Ya me has fastidiado la tarde.

¿Esos dos personajes, personajas o directamente cosas sin genero vuelven a España?


----------



## chosnek (26 Sep 2014)

cobasy dijo:


> esta todo muy claro!!!
> 
> Pongo foto para avisar, parece que vuelven a europa:



 spoiler por favorrr


----------



## Italiana (26 Sep 2014)

Se que es malo lo que he dicho de los ojos mongoles; però a mi no me gustan.. Me gustan los ojos redondos.


----------



## cobasy (27 Sep 2014)

Bueno para congraciarme por poner a las taradas, pongo muestra de rubita de forero arriondas y de otro hilo:




arriondas; dijo:


> ¿Pero acaso hemos perdido el juicio? Independientemente de que sea negra o no, la Lupita Nyong'o esa NO ES GUAPA.
> 
> Y si tenemos que comparar a la Nyong'o, no sólo con otras actrices, sino con chicas más normales, como las de estas fotos:
> 
> ...



Las tetas... Silicon valley total...pero vamos da lo mismo. ...Buena esta la cabrona!
Eso es una tia...no la negra... Aaagh!! 
La voy a poner con tu permiso en el hilo de panchitas...


----------



## Manel31 (27 Sep 2014)

cobasy dijo:


> Bueno para congraciarme por poner a las taradas, pongo muestra de rubita de forero arriondas y de otro hilo:
> 
> 
> 
> ...



Si hasta la Belén Esteban que tanto se estropeó era mucho más guapa que ninguna de las mestizas semipanchitas que nos han puesto hasta en la sopa.
Mirad algunas fotos de Belén Esteban cuando era joven:


----------



## Ratona (12 Oct 2014)

https://www.youtube.com/watch?v=MTJbCYl1QnY


La gemela de Hugo Chavez


----------



## Oss (14 Oct 2014)

Con todo mi amol!
♡♥♡♥♡♥♡♥


----------



## galile@ (20 Oct 2014)

Manel31 dijo:


> Lo de que abunda el mestizaje de amerindia con espanyol (menos frecuente serìa el mestizaje amerindio con espanyola), es màs un mito que otra cosa.
> Hubo matrimonios y relaciones de todo tipo entre amerindias y espanyoles pero menos de lo que se nos quiere hace pensar.
> Hace poco alguien colgaba aquì datos sobre el porcentaje de poblaciòn de origen peninsular en el Méjico del siglo XVI y era de solo del 0.2%. Es decir, ridiculo.
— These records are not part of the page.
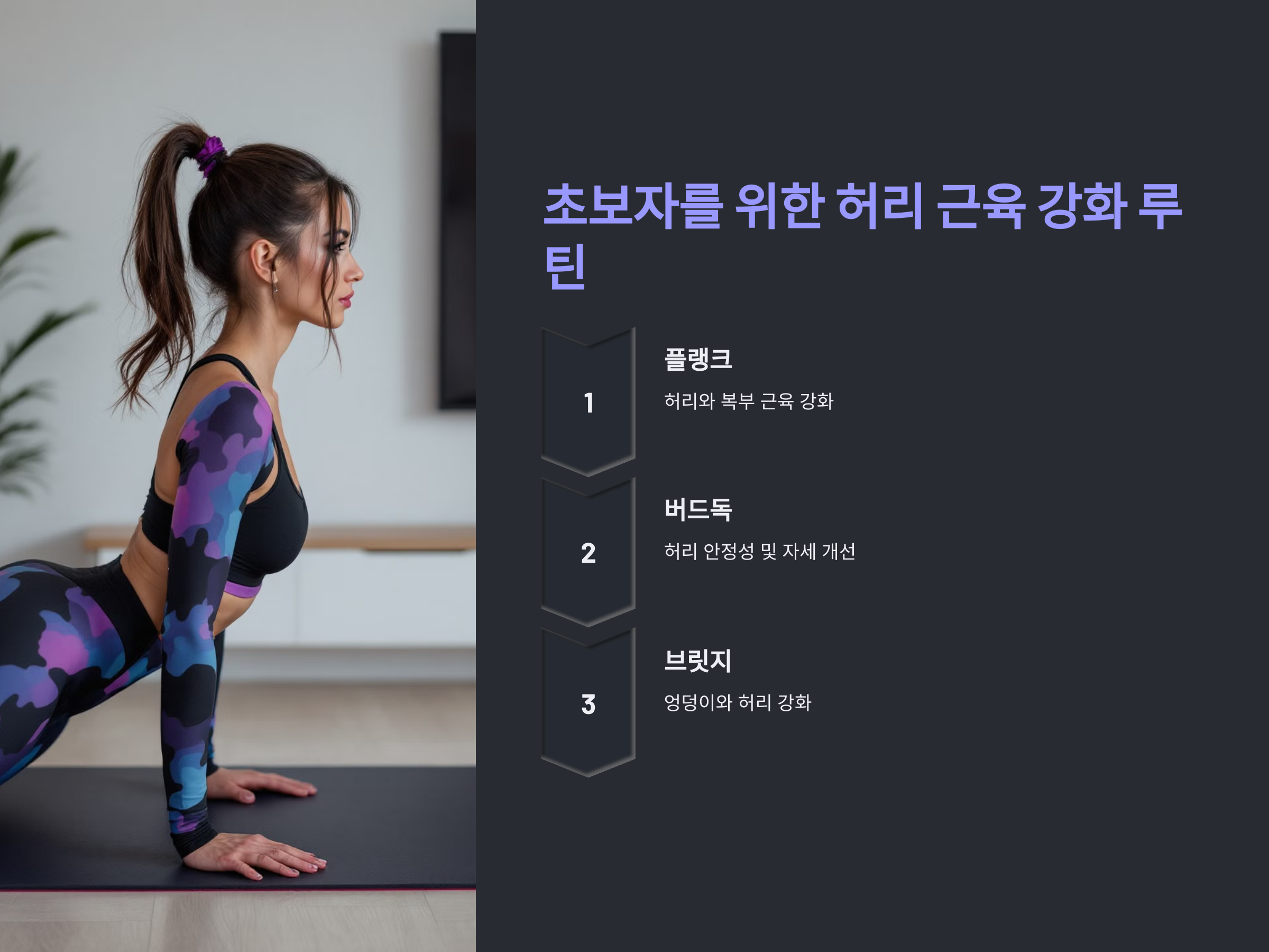 - 동작: 엎드린 자세에서 팔꿈치와 발끝으로 몸을 지탱하며 허리를 곧게 유지합니다.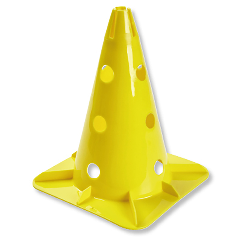 Dieser Lochkegel ist mit zwölf Löchern ausgestattet und kann in Kombination mit Turnstäben auch als Hürde, Slalomstange oder kleines Tor benutzt werden. Ausserdem kommen die Markierkegel gerne bei verschiedenen Teamsportarten in den Trainingseinheiten zum Einsatz. Vielfältige Übungsformen zu Koordination, Dribbling oder Beweglichkeit sind möglich.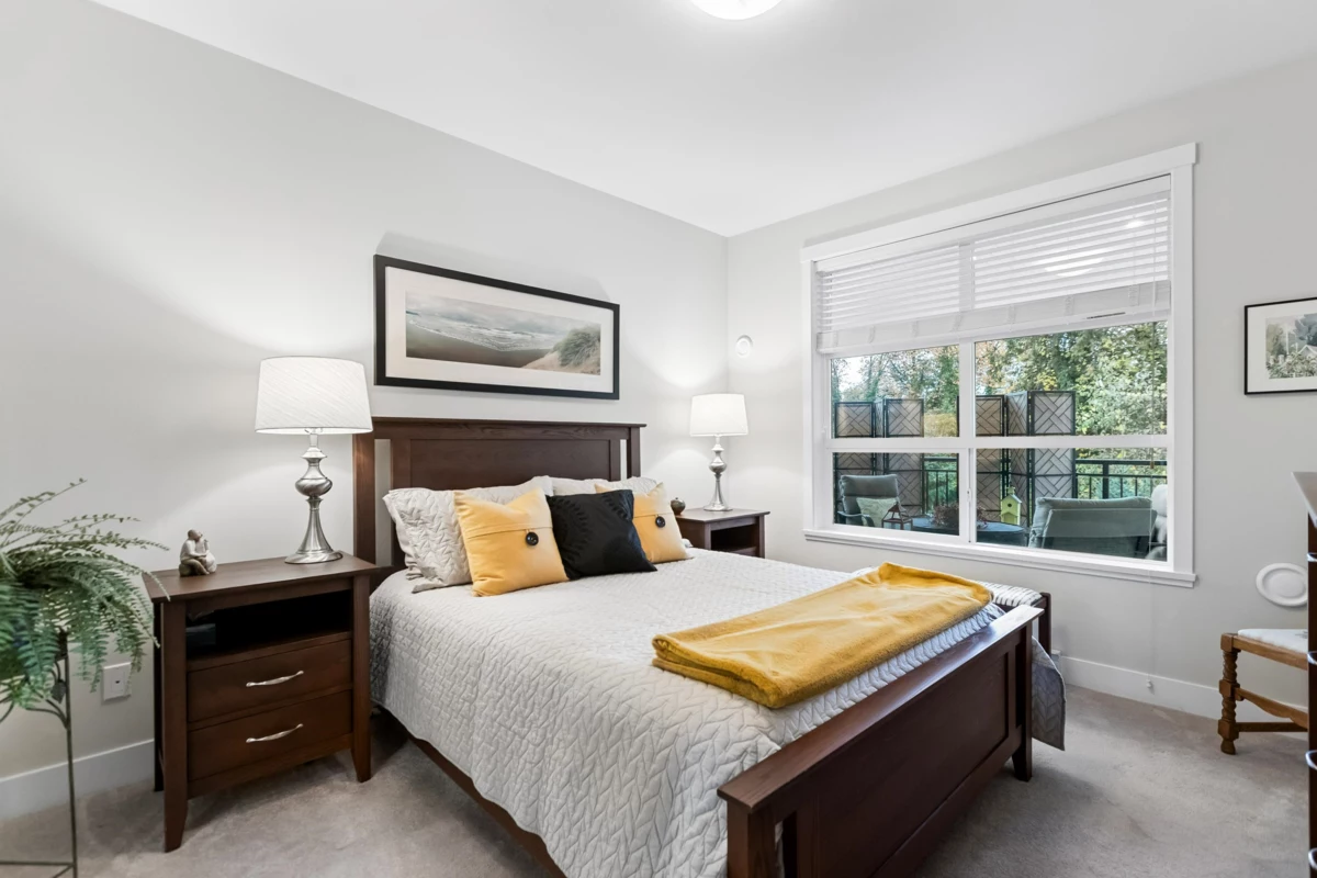 FALCON HOUSE by award winning Falcon Homes! Unsurpassed quality in one of Maple Ridge's premier condo developments, this is a RARE CORNER UNIT with stunning GREENBELT VIEW! This 2 bed/2 bath home offers over 1,100 sq ft of open concept living, highlighted by 9 foot ceilings, quality finishing & millwork, a luxury QUARTZ island kitchen w/ shaker cabinets, comfortable dining area & living space! Two large bedrooms both with greenbelt views, including the primary w/ full 4 piece dual sink ensuite & walk-in closet w/ organizers! Bonus entertainment sized 278 sq ft COVERED DECK w/ SOUTHWEST exposure for year round enjoyment! 2 parking stalls, storage, proactive strata & conveniently located to the amenities of downtown Maple Ridge - this is a downsizers dream & shows like new!

En otros paìses Americanos pasaba lo mismo.
> Y aùn en el caso de que se diera cierto grado de mestizaje en ciertos paìses, este se dio hace siglos. Qué grado se mestizaje se conserva ahora tras muchas generaciones de volverse a mezclar con otros mestizos o con amerindios puros?
> ...



Te olvidas de los refugiados republicanos. Se asentaron y se pusieron a hacer hijos. Basta con mirar las nacionalidades españolas otorgadas por la memoria histórica. 

Si son muy feitas, y también los hombres y los niños y niñas, pero ellos no tienen la culpa de tener esos rasgos (de su obesidad si), no eligieron a sus padres ni a sus genes. Y los del altiplano son feos feos feos, pobrecitos, tambien son hijos de dios.

En realidad lo que ocurre es un hartazgo y una resistencia por ser invadidos por una raza menos civilizada.


----------



## Ratona (28 Dic 2014)




----------



## Kenshiro (28 Dic 2014)

Llevan ADN australoide.
http://www.burbuja.info/inmobiliari...-america-teoria-del-poblamiento-oceanico.html


----------



## Kaczynski (29 Dic 2014)

Son más feas que una mierda pinchada en un palo.


----------



## Namreir (29 Dic 2014)

A mi me encanta


----------



## trichetin (29 Dic 2014)

Jorge_24 dijo:


> No.En Sudamerica hay cierto complejo con los europeos y los panchitos desean mujeres blancas y rubias ya que asocian ser blanco y rubio con belleza y buen estatus económico.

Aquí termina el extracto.